* _Supplied entries_

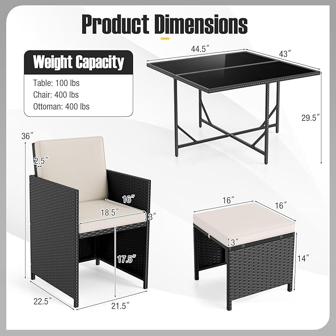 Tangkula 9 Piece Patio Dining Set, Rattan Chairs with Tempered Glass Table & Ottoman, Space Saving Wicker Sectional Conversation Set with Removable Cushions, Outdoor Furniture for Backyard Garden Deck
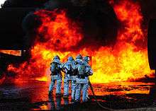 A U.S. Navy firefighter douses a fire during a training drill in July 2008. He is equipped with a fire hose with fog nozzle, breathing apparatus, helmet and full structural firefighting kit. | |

--

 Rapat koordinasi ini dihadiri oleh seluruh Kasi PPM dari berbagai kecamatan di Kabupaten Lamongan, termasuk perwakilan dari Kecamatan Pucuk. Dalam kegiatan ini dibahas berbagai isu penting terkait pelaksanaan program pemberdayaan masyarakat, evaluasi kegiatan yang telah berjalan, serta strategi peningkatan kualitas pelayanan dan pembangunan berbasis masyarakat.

* _Instructions for the task_
What you write must match the listing exactly, from the line with "Tangkula 9 Piece" up to and including the line with "A U.S. Navy". Pictures stay out.

* _Output below_
 Tangkula 9 Piece Patio Dining Set, Rattan Chairs with Tempered Glass Table & Ottoman, Space Saving Wicker Sectional Conversation Set with Removable Cushions, Outdoor Furniture for Backyard Garden Deck
 A U.S. Navy firefighter douses a fire during a training drill in July 2008. He is equipped with a fire hose with fog nozzle, breathing apparatus, helmet and full structural firefighting kit. | |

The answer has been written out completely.